March 5, 2011: 5am, excruciatingly severe headache brought me to the point of getting dressed as I planned on driving myself to the ER. My wife said "No you're not, I'm taking you". Within a very short time I found myself with a morphine IV, and 3 different scans performed to confirm the cause/source: a golf ball-sized mass behind my right eye. To summarize, I was quickly whisked away into the medical "protocol" where I spent four days in Parkview Main hospital (wonderful people, btw), had biopsy surgery, then released with the diagnosis: Glioblastoma (GBM).
Needless to say it was the biggest, most sudden eye-opener of my life.
Recovery: Learning the nature of this type of condition left us with an urgency to take immediate action and not waste time. Treatment method: A combination approach of conventional/traditional treatments, supplemented by common sense, high nutrition, natural efforts, and mental/spiritual strength. That is how we proceeded, all the while maintaining the best state of mind and attitude we can, one stage at a time.
First was the traditional 6 weeks of radiation and chemo (Temodar). Obviously it's difficult to poison yourself back to health so I decided to take more responsibility.
Once I could be home on a regular basis I set up a"sanctum in my bedroom where I could study/pray/meditate/breath and just sort things out. In my case I had to become very VIGILANT, mentally, about what I allowed in to my mind. Deliberately allowing only positive thoughts in and keeping guard to not prevent anything negative to enter. A skillI've built over years of study/practice and will always treasure. There was so much content coming at me from every angle that I had to set up boundaries. I even had a hand signal for the family when I felt the need to go read from my treasure of self help books or meditate and they knew to leave me a alone so I could sort things out. My family was very supportive in this, thankfully.
Positive ATTITUDE and STATE OF MIND is truly half the battle if not more.

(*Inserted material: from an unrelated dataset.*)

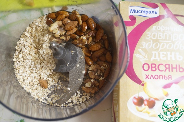 В чашу блендера выложить орехи, овсяные хлопья, влить масло и посолить по вкусу.

I've heard this so often from people who've beat it, so I knew what had to be done.
Sooo, after my diagnosis I felt like I was quickly ushered into the standard /textbook/protocol / treatment. Which I basically was. "It" was considered inoperable. Anyway, they referred my treatment the Golden Standard treatment for GBM: 6 weeks of radiation / oral chemo. It went fairly quickly for me and I never had nausea fortunately. This was followed by a year of lower dose maintenance chemo.
Once I started the Gerson diet (lots of raw veggies & fruit) No sugar.) I began getting some impressive MRI scans. The oncologist was impressed and said "keep doing whatever you're doing." One scan actually showed an empty mesh material where a tumor "used to be". So obviously, the raw diet and green chlorophyl alkalizing was effective, thus I continued and got more good scans.
However, Thursday, 7th, just when I thought I had everything under control–and was feeling great (it's been almost 3 years!) I had a seizure that put me back in Parkview Hospital for over 2 days. The tumor in my upper right temporal had returned and I had lost use of my left arm. The ONLY good thing about this is that now the tumor was accessible for surgery for the first time in one single spot. So we decided to go forward with it. So glad I did it. I'm home now recovering swiftly with very little, if any side effects. Feels wonderful to be normal again and walk the dog, get the mail, etc.
AND I'm back to work providing estimates for my work! www.bthompson.net
My staples come out in 2 weeks. Can't wait. Also, at that time will begin a very promising non-chemo treatment called Avastin which is a super-drug that targets only cancer cells and cuts off their bolos supply. It's been successful across the board with the exception of breast cancer.
This is where I'm at currently and can only see things improving from here on, as I'm slowly being taking off all the meeds one at a time. Knowing now, that my personal efforts have pay off has given me confidence. Be vigilant with what you allow into your mind and my body. Allow only the good.
I do hope someone is able go GLEAN something useful from my story. It's been a long 3 year journey but so much wisdom has been gained and hopefully this story or of survival will help someone along the way. That's my hope. My very best to anyone about to enter this journey. All the very best.